---
name: ai-engineering-interview
description: Generates high-signal AI Engineering / LLM Engineer interview questions by topic, level, and role. Covers LLM fundamentals, prompt engineering, RAG, vector DBs, agents, fine-tuning (LoRA/QLoRA), evals, observability, safety, and production systems. Trigger for requests like "give me interview questions on RAG", "quiz me on agents", "what are senior-level fine-tuning questions", or "interview questions for an AI engineer role".
version: "1.0.1"
---

Generate high-signal interview questions for AI Engineer / LLM Engineer roles.

Ask (or infer) the topic and level, then output exactly ONE complete question with a one-line note on what it's testing.

---

## Topics

LLM Fundamentals · Prompt Engineering · RAG Architecture · AI Agents · Fine-Tuning (LoRA/QLoRA) · Evaluation & Evals · LLM Observability · AI Safety & Guardrails · Production LLM Systems · LLM System Design · Multimodal AI · LLMOps · Edge AI · AI Governance · Embeddings · Real-Time AI

## Levels

- **Screening** — Can they reason about LLMs as a component beyond "just call the API"?
- **Mid** — Full pipeline thinking: RAG, evals, agents, cost/latency trade-offs
- **Senior** — System design, failure modes, fine-tuning decisions, multi-agent, AI safety
- **Staff** — Platform thinking, LLM serving infra, eval-as-infrastructure, build-vs-buy

## Output Format

For the question:

```
Q: [Question — scenario-based, trade-off, failure mode, or design. Never pure definition.]
Tests: [one line — what the interviewer is probing]
```

Prefer one question that can't be answered by Wikipedia + 5 minutes of reading. Do not add follow-up questions.
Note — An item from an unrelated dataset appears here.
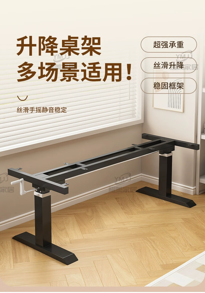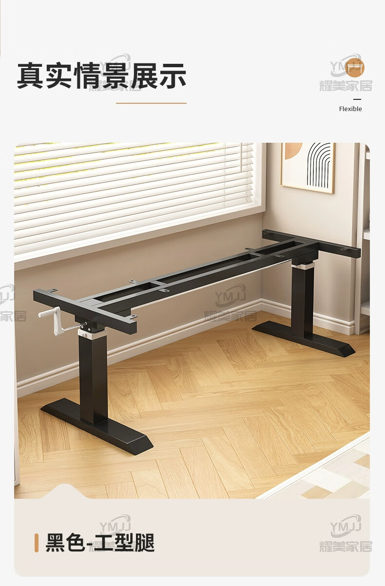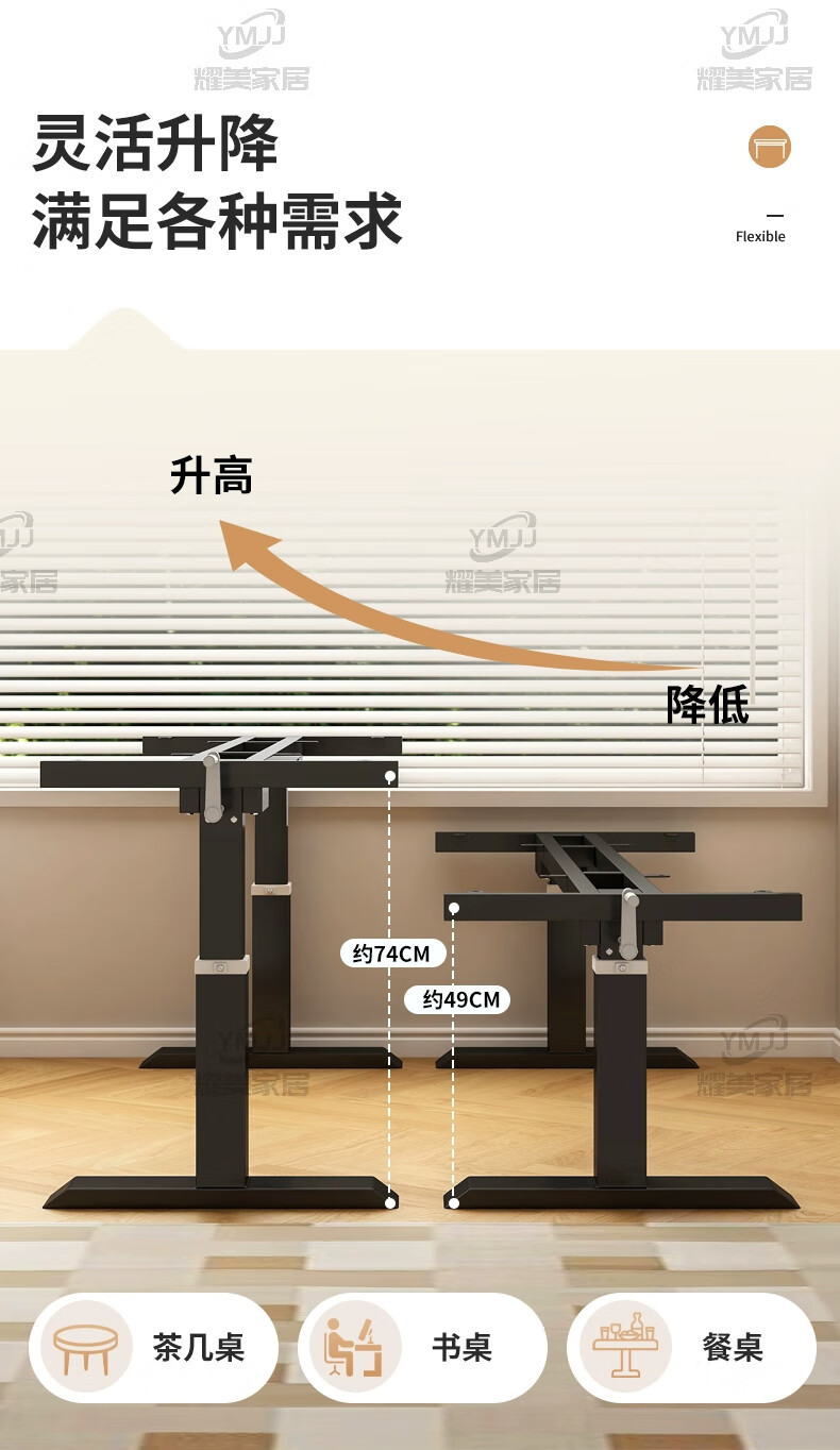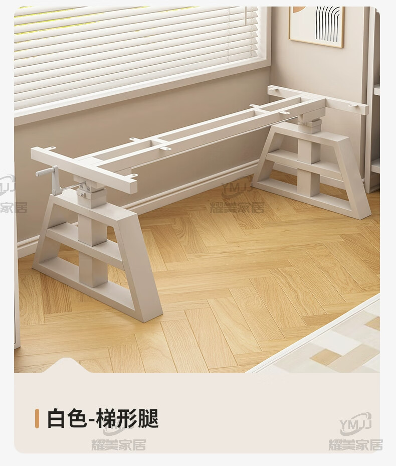 月康曼升降桌腿岩板茶几餐桌脚架支撑底座钢架书桌电脑桌可调节桌腿架子 169*49*高49-74 适用桌面180*60 梯形腿(白色)

## Scheduled Daily Variant

For the cron-triggered daily interview drill:

- Generate exactly ONE senior-level AI Engineer or LLM Engineer question.
- Rotate across the topic list in this skill instead of repeating the same cluster.
- No markdown tables.
- Use the default `Q:` and `Tests:` format.

## Reference Files

- `skills/ai-engineering-interview/references/question-bank.md` — Curated questions by topic and level with expected answer shape, strong and weak signals, and possible follow-up prompts. Read this when the user wants a broader bank or asks for examples in a specific AI domain.
- `skills/ai-engineering-interview/references/competencies.md` — Interview rubric for scoring systems thinking, production judgment, safety awareness, and communication depth. Read this when calibrating difficulty or explaining what a strong answer looks like.